Textual historical sources and bibliographic catalogues will be stored and managed with the CDS/ISIS system , which was developed by UNESCO, and taken as the kernel for developing new versions offering ISIS archives in the Web environment [2, 23].
Functionalities for selecting records and performing logical operations and joins needed to be available in order to integrate the databases (NT4.1 and DOM4.1). We chose mSQL (mini Structured Query Language) [13, 14], a database management system (DBMS) designed to offer rapid access from remote workplaces to data that are stored and managed. mSQL is a sublanguage of an SQL that does not allow the storage of views (character strings representing queries) and nested queries. Notwithstanding this shortcoming, the database is accessed in ANSI SQL. mSQL is interfaced with HTML so that both remote and local databases can be handled.

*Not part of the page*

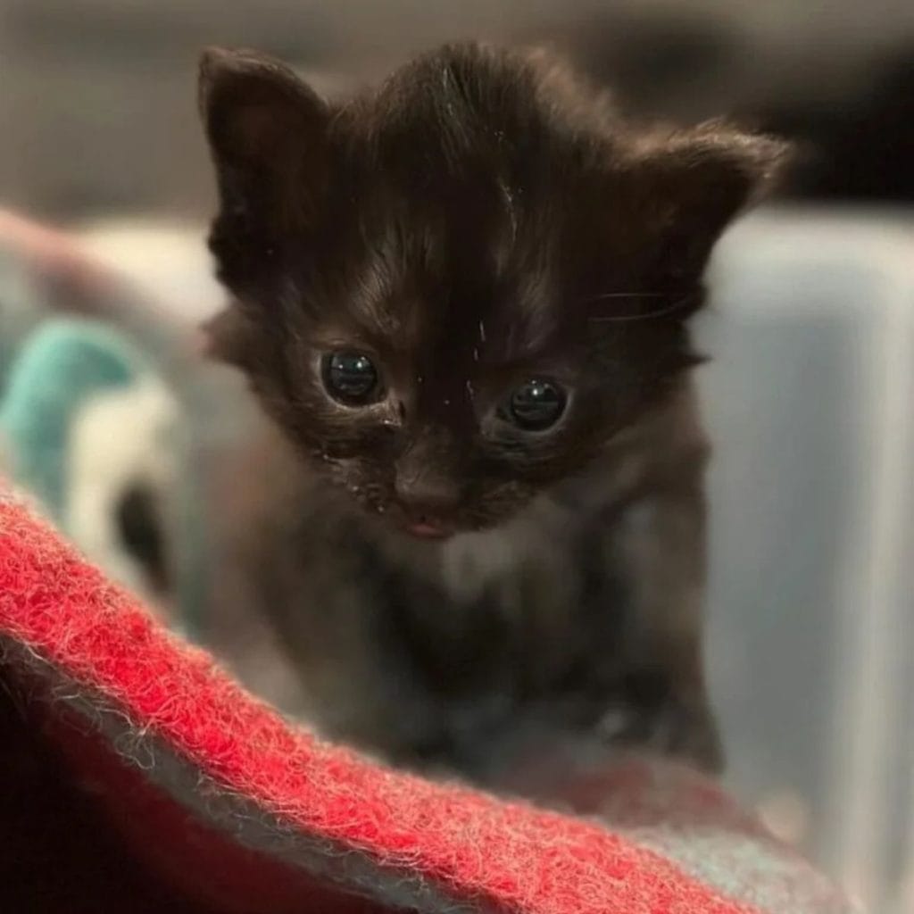 When most newborn kittens are nestled close to their mothers, warm and safe, one tiny black baby entered the world with no one beside her. Barely four days old, her cries echoed softly into the air, calling for help that—by a stroke of luck—was on its way.

The agents that allow remote accessing of the archives in order to extract data and organize them for the designed queries have been manifested in PHP/FI (Personal Home Page tools/Form Interpreter) language, version 2.0 . PHP/FI makes it possible to manage SQL queries from HTML pages and to visualize retrieved data through instructions embedded in the HTML source. Programs fired by interaction with a Web page are usually realized in autonomous code and communicate with the Web server through a suitable common gateway interface (CGI). By using PHP/FI, a user can embed both layout and agent descriptions in a page description, easing the burden on the agents managing client-server communication on the Web.
A Global View of the Application
The Web today is still too static to exploit all its potential interactivity . Based on a client-server architecture, it assigns almost all computation to the server and relegates the client’s powers to functionalities that allow the user local interaction for navigating. Direct manipulation is practically impossible: common operations such as drag and drop, resizing, graphic interaction, and sketching are executed through sequences of single HTTP request-response cycles, each requiring too much time given the current Internet bandwidth and the server’s workload. The CGI is currently the most widely used mechanism for distributed data processing on the Web.

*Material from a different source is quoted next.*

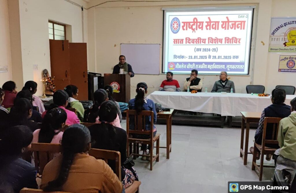 राष्ट्रीय सेवा योजना शिविर का द्वितीय दिवस प्राचार्य डॉ रजनी रमण झा की अध्यक्षता में आयोजित किया गया । इस अवसर पर भीमसेन चौधरी राजकीय महाविद्यालय में विद्यार्थियों को भारतीय जीव जंतु कल्याण बोर्ड एवं पशुपालन विभाग की विभिन्न योजनाओं की जानकारी मुख्य अतिथि डॉक्टर तनुज तंवर ने दी व पशुपालन विभाग द्वारा चलाई जा […]

Despite the limitations of the Web in supporting interface development, its use has recently grown exponentially, mainly because of
- Its public domain code;
- The availability of large, heterogeneous archives;
- Its friendliness;
- The availability of assorted browsers; and
- The availability of gateways that allow switching among many different transmission protocols.
Full exploitation of these characteristics in our design and implementation of the application (Figure 7) was possible thanks to the modularity of its functional scheme (presented in this section) and to its hierarchic architecture (exemplified in the next section). Furthermore, the reached software granularity was ideal for reusing different application components, thereby accelerating the development of the whole application.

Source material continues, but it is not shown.